= Work task =
Given the entries below, would you transcribe exactly the lines starting at the one with "do září 2025)." and ending at the one with "История России 8 класс. Тесты. Часть 2. ФГОС", both kept, pictures omitted, nothing extra?

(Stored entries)
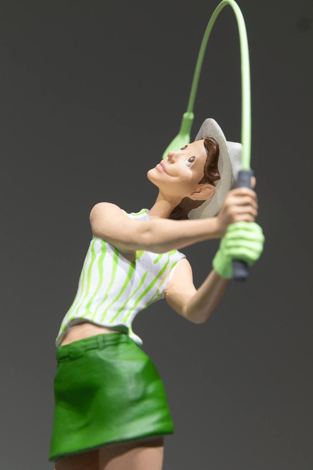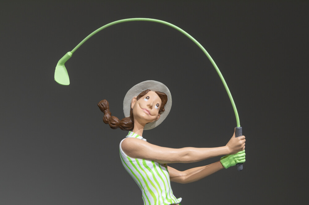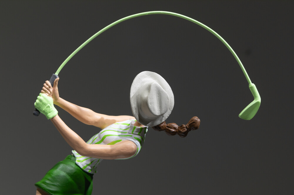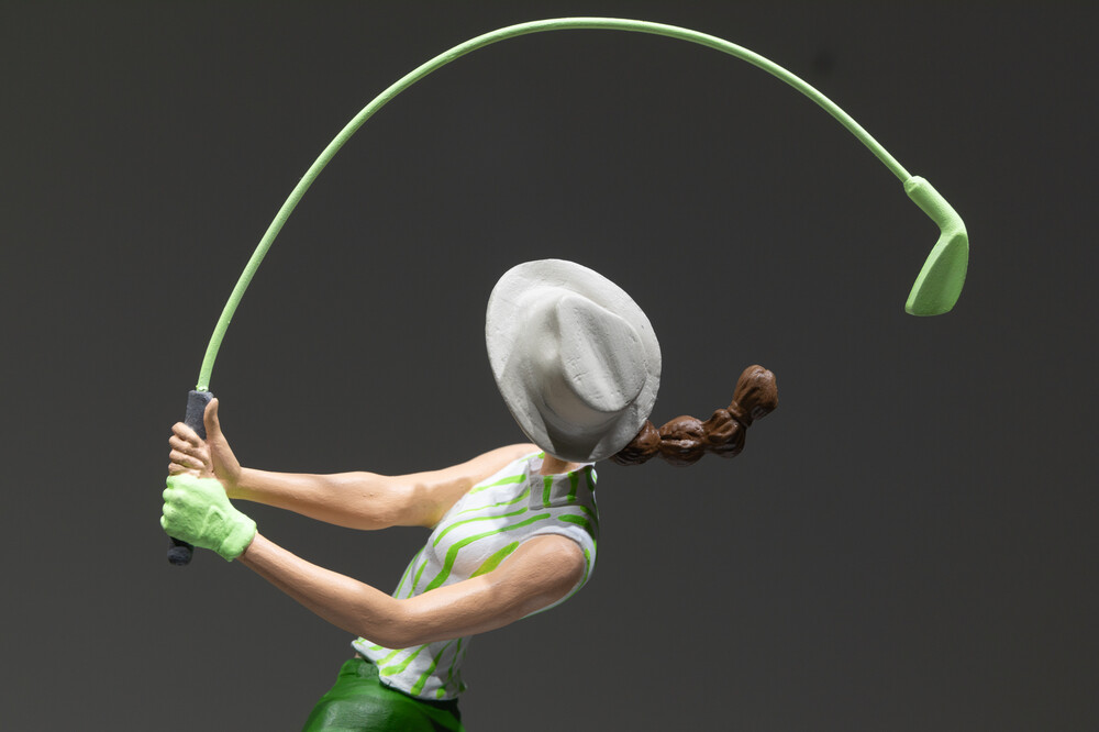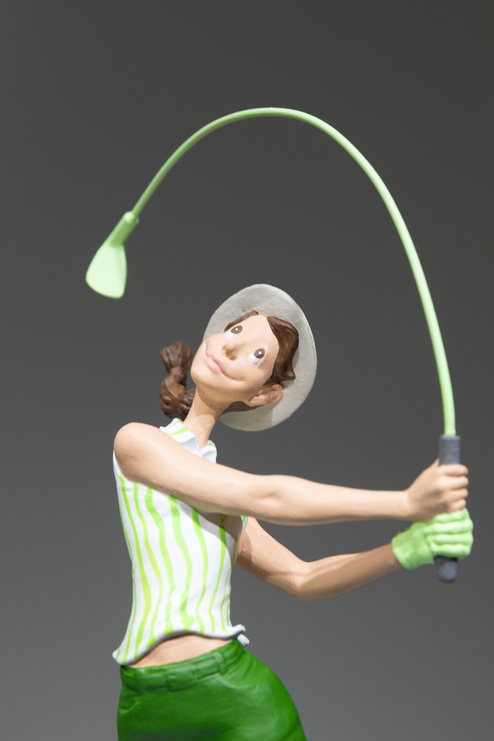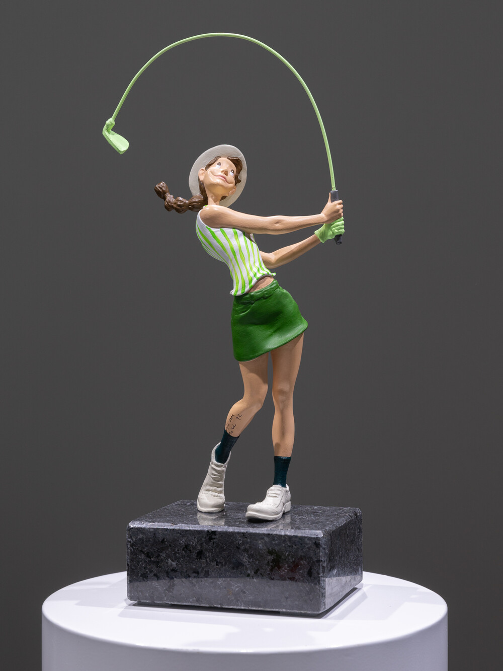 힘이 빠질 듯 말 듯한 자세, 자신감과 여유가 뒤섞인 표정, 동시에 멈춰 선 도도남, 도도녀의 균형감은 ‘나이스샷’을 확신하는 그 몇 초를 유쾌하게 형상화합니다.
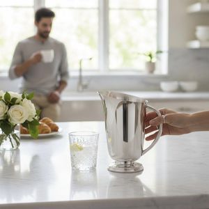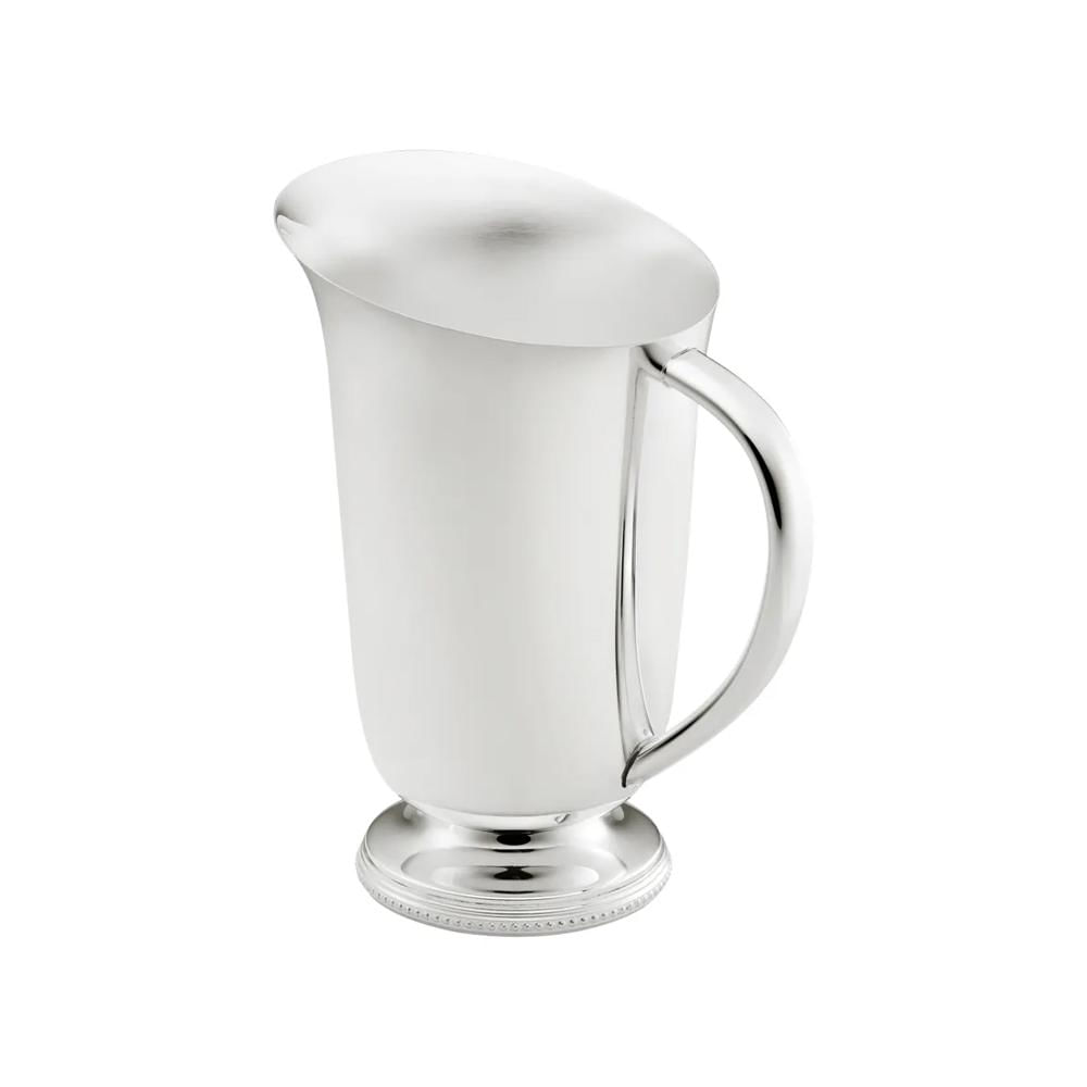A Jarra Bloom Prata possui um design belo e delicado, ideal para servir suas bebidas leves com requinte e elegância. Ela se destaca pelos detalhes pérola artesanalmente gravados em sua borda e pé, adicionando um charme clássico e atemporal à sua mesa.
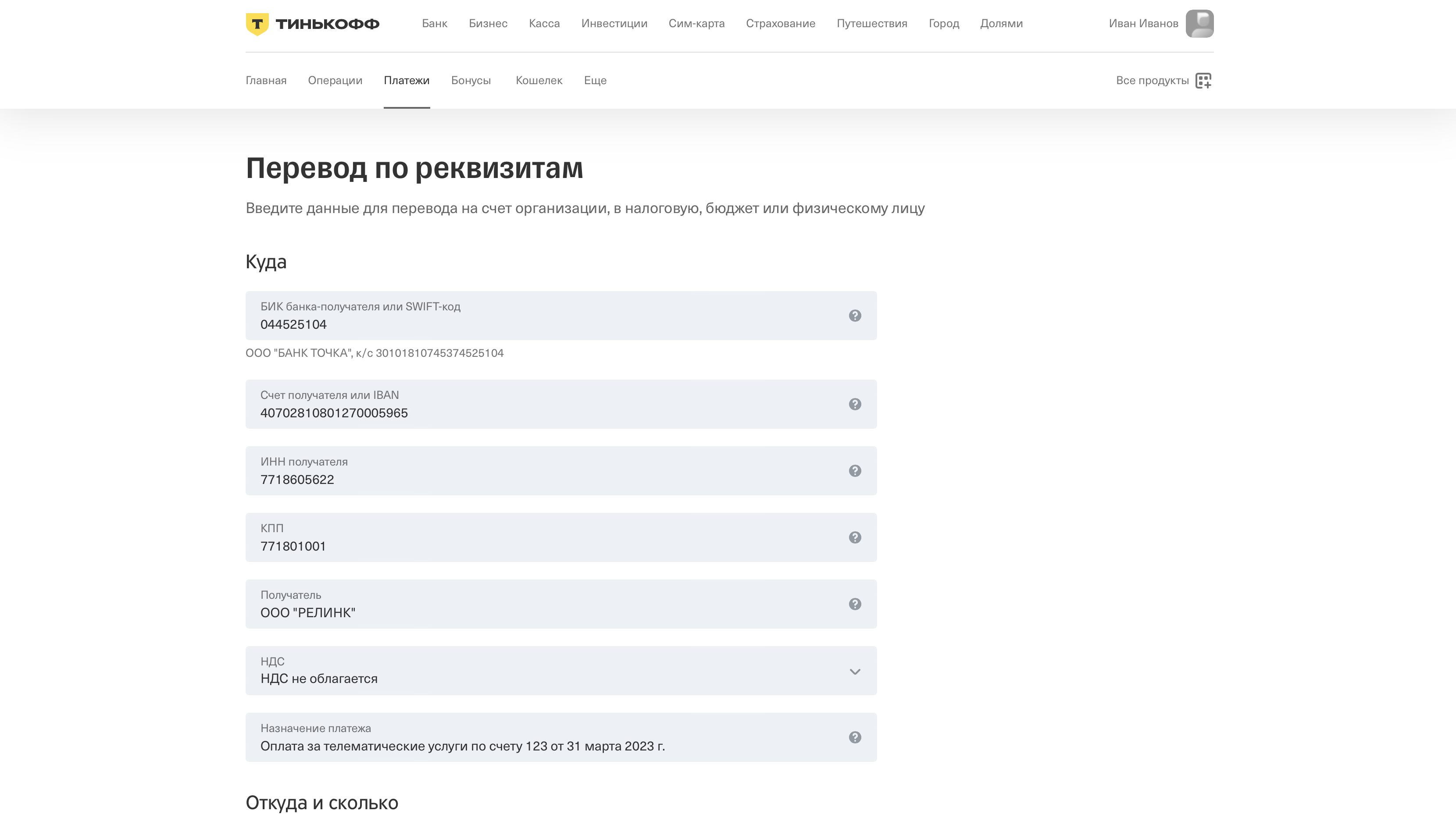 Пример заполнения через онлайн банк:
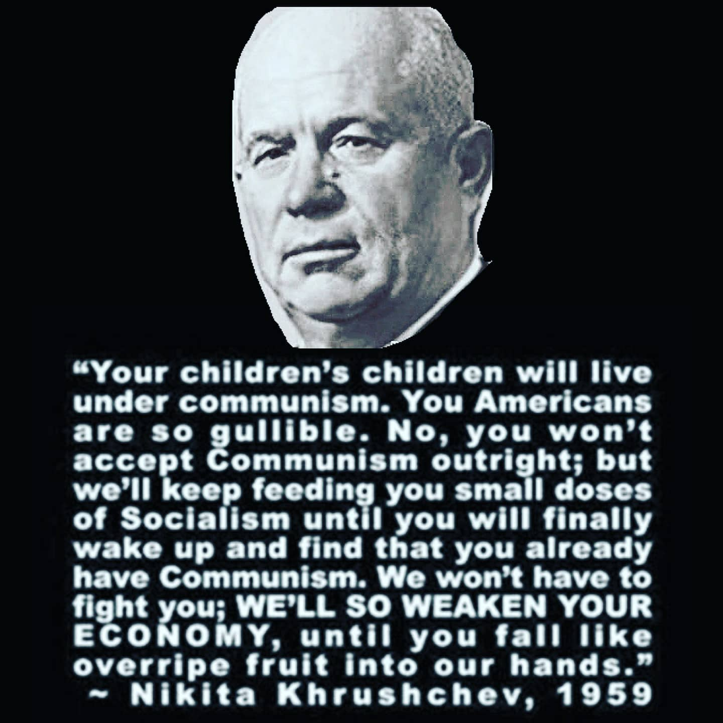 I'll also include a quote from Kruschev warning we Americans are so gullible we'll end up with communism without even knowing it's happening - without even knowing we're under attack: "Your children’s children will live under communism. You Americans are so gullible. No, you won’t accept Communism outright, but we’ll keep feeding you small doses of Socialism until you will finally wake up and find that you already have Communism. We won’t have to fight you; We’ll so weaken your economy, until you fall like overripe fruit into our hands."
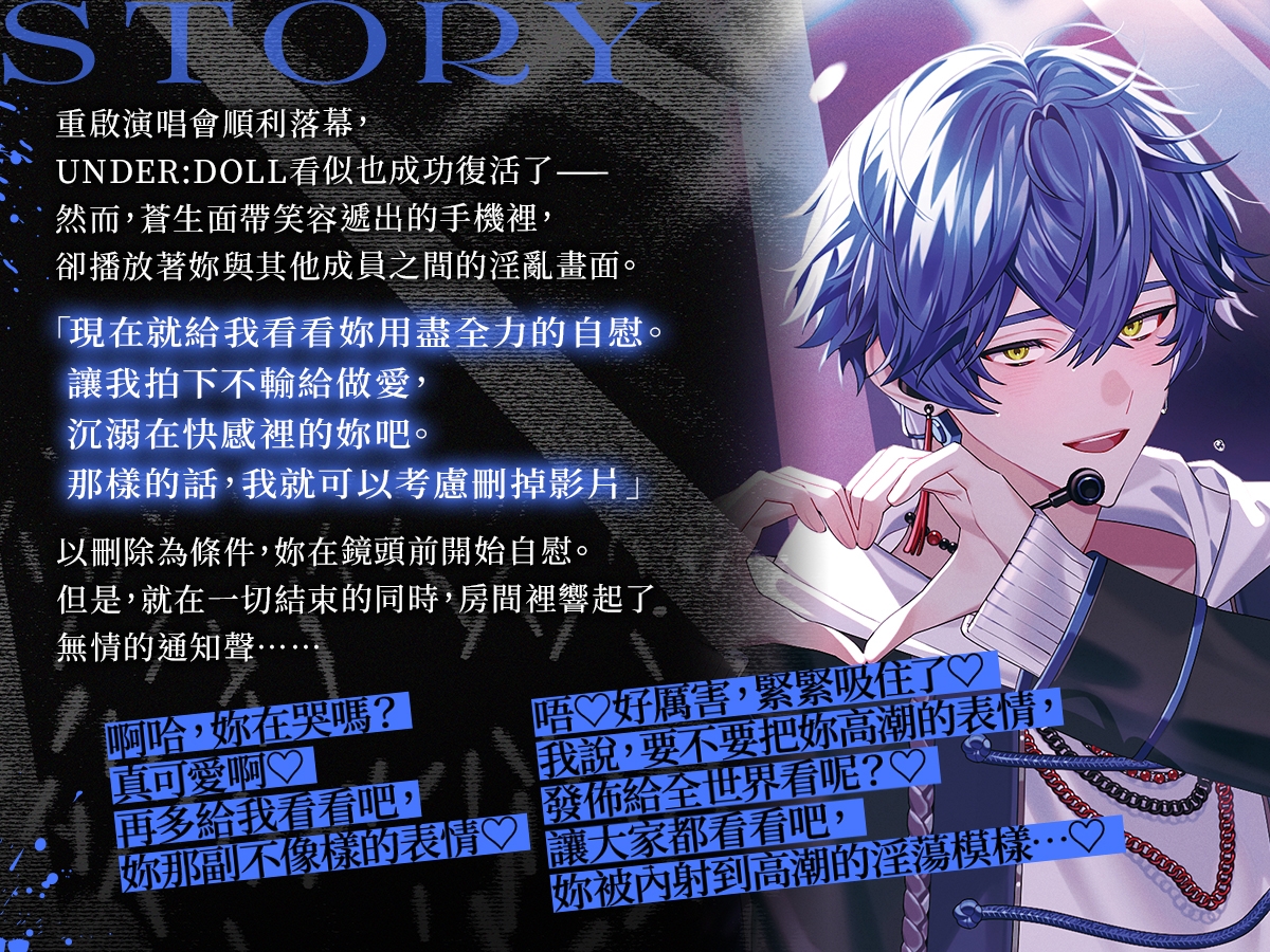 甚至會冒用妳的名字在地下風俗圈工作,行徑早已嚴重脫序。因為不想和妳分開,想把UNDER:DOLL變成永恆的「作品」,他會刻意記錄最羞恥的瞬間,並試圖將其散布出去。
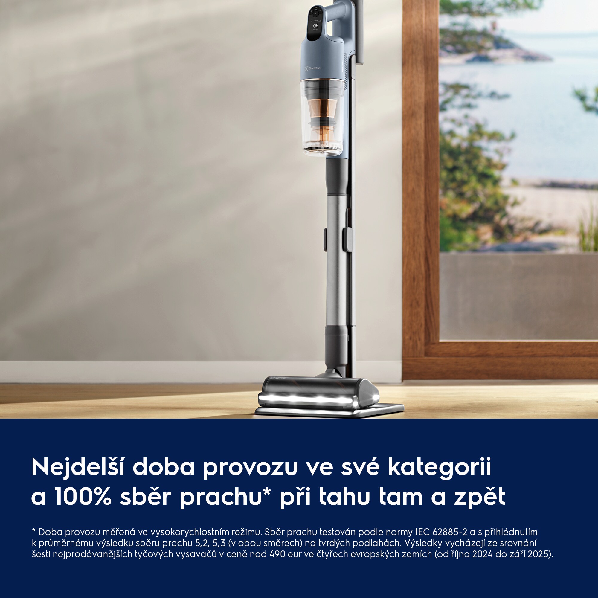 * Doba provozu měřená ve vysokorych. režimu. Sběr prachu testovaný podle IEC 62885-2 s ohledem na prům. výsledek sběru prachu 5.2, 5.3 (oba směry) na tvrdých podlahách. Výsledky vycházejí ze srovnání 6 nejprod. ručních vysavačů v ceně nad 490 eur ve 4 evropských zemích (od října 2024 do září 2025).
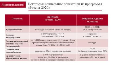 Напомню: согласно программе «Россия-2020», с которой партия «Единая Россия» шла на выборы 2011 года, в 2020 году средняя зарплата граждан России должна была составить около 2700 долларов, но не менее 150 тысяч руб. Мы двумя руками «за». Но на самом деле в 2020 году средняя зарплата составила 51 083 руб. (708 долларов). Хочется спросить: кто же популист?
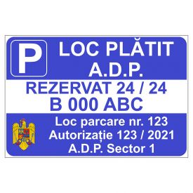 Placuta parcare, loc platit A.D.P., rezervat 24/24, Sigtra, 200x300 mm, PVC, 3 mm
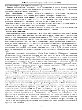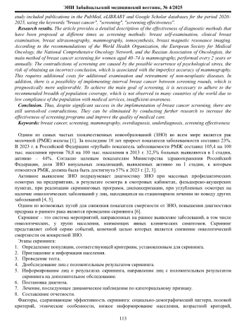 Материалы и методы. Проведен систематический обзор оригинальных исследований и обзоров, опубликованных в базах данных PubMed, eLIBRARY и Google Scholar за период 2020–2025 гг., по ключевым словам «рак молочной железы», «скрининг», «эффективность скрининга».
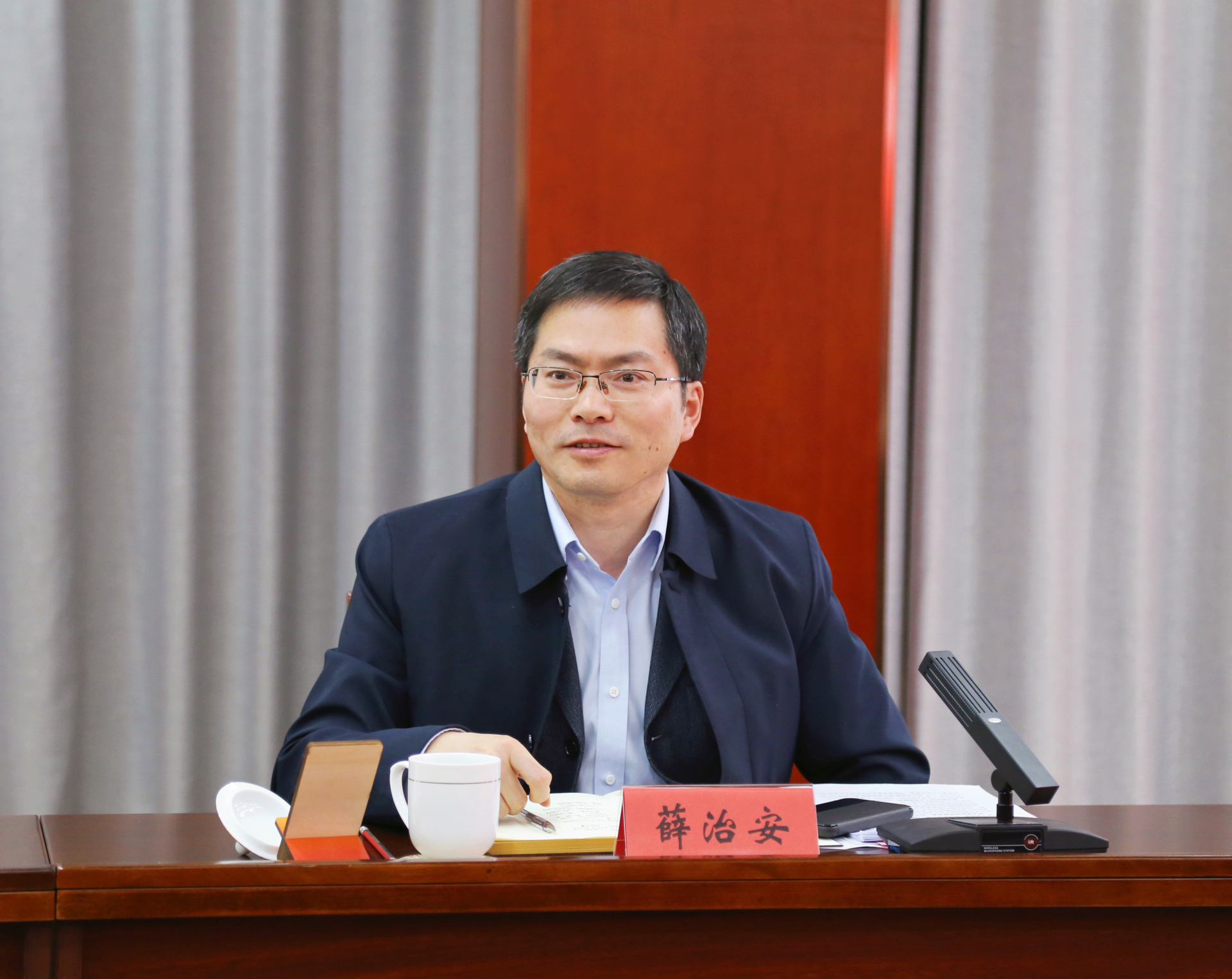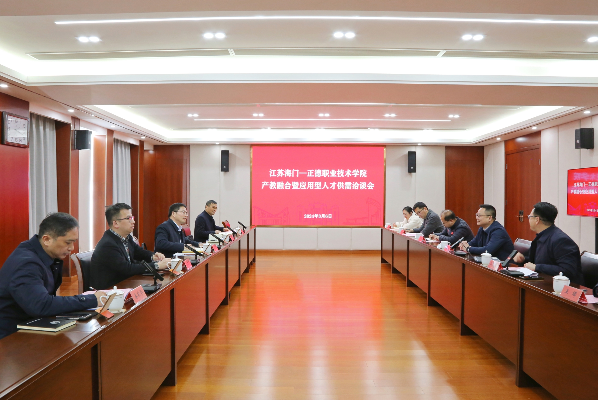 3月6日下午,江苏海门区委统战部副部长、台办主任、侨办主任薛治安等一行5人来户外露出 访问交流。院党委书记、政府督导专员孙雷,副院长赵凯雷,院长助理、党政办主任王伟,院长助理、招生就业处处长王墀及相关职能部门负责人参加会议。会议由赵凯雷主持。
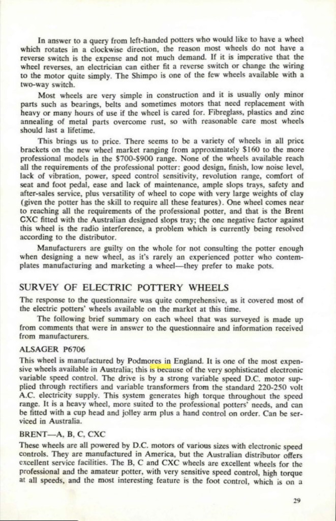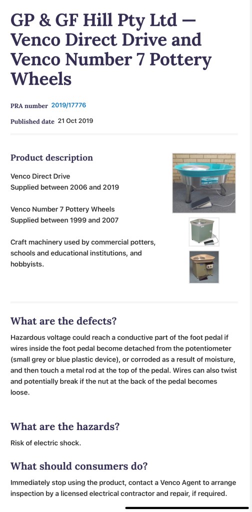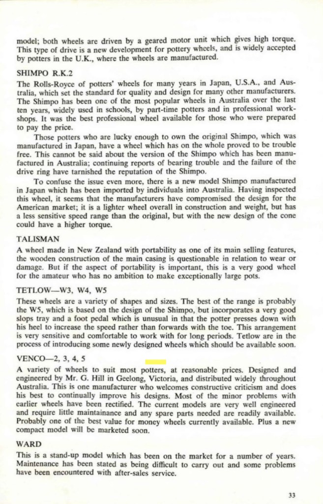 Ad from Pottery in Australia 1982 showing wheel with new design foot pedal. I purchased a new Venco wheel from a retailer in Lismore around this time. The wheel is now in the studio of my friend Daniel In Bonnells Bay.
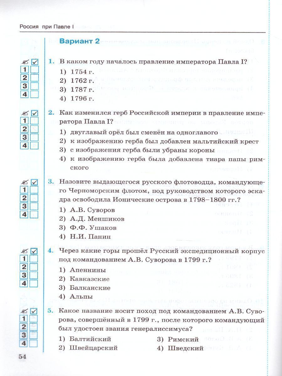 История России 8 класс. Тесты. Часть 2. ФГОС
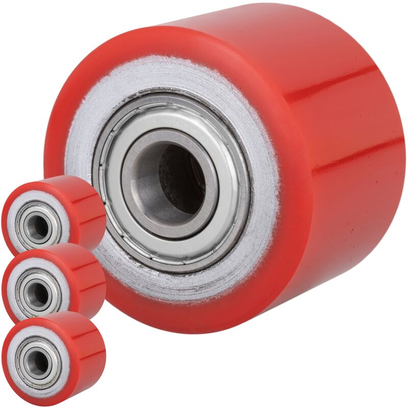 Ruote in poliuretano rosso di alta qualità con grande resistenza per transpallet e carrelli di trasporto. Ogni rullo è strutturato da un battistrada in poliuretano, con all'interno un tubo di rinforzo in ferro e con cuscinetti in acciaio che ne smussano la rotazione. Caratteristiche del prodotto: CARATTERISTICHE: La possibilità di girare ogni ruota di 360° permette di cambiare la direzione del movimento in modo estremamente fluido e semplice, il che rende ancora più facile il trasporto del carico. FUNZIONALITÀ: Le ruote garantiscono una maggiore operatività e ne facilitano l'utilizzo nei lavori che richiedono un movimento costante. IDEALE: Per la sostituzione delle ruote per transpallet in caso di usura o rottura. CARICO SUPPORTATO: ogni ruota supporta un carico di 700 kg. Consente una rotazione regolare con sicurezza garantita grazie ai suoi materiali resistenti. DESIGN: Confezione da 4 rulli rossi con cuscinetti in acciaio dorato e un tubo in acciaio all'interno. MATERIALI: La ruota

= Your response =
 * Doba provozu měřená ve vysokorych. režimu. Sběr prachu testovaný podle IEC 62885-2 s ohledem na prům. výsledek sběru prachu 5.2, 5.3 (oba směry) na tvrdých podlahách. Výsledky vycházejí ze srovnání 6 nejprod. ručních vysavačů v ceně nad 490 eur ve 4 evropských zemích (od října 2024 do září 2025).
 Напомню: согласно программе «Россия-2020», с которой партия «Единая Россия» шла на выборы 2011 года, в 2020 году средняя зарплата граждан России должна была составить около 2700 долларов, но не менее 150 тысяч руб. Мы двумя руками «за». Но на самом деле в 2020 году средняя зарплата составила 51 083 руб. (708 долларов). Хочется спросить: кто же популист?
 Placuta parcare, loc platit A.D.P., rezervat 24/24, Sigtra, 200x300 mm, PVC, 3 mm
 Материалы и методы. Проведен систематический обзор оригинальных исследований и обзоров, опубликованных в базах данных PubMed, eLIBRARY и Google Scholar за период 2020–2025 гг., по ключевым словам «рак молочной железы», «скрининг», «эффективность скрининга».
 3月6日下午,江苏海门区委统战部副部长、台办主任、侨办主任薛治安等一行5人来户外露出 访问交流。院党委书记、政府督导专员孙雷,副院长赵凯雷,院长助理、党政办主任王伟,院长助理、招生就业处处长王墀及相关职能部门负责人参加会议。会议由赵凯雷主持。
 Ad from Pottery in Australia 1982 showing wheel with new design foot pedal. I purchased a new Venco wheel from a retailer in Lismore around this time. The wheel is now in the studio of my friend Daniel In Bonnells Bay.
 История России 8 класс. Тесты. Часть 2. ФГОС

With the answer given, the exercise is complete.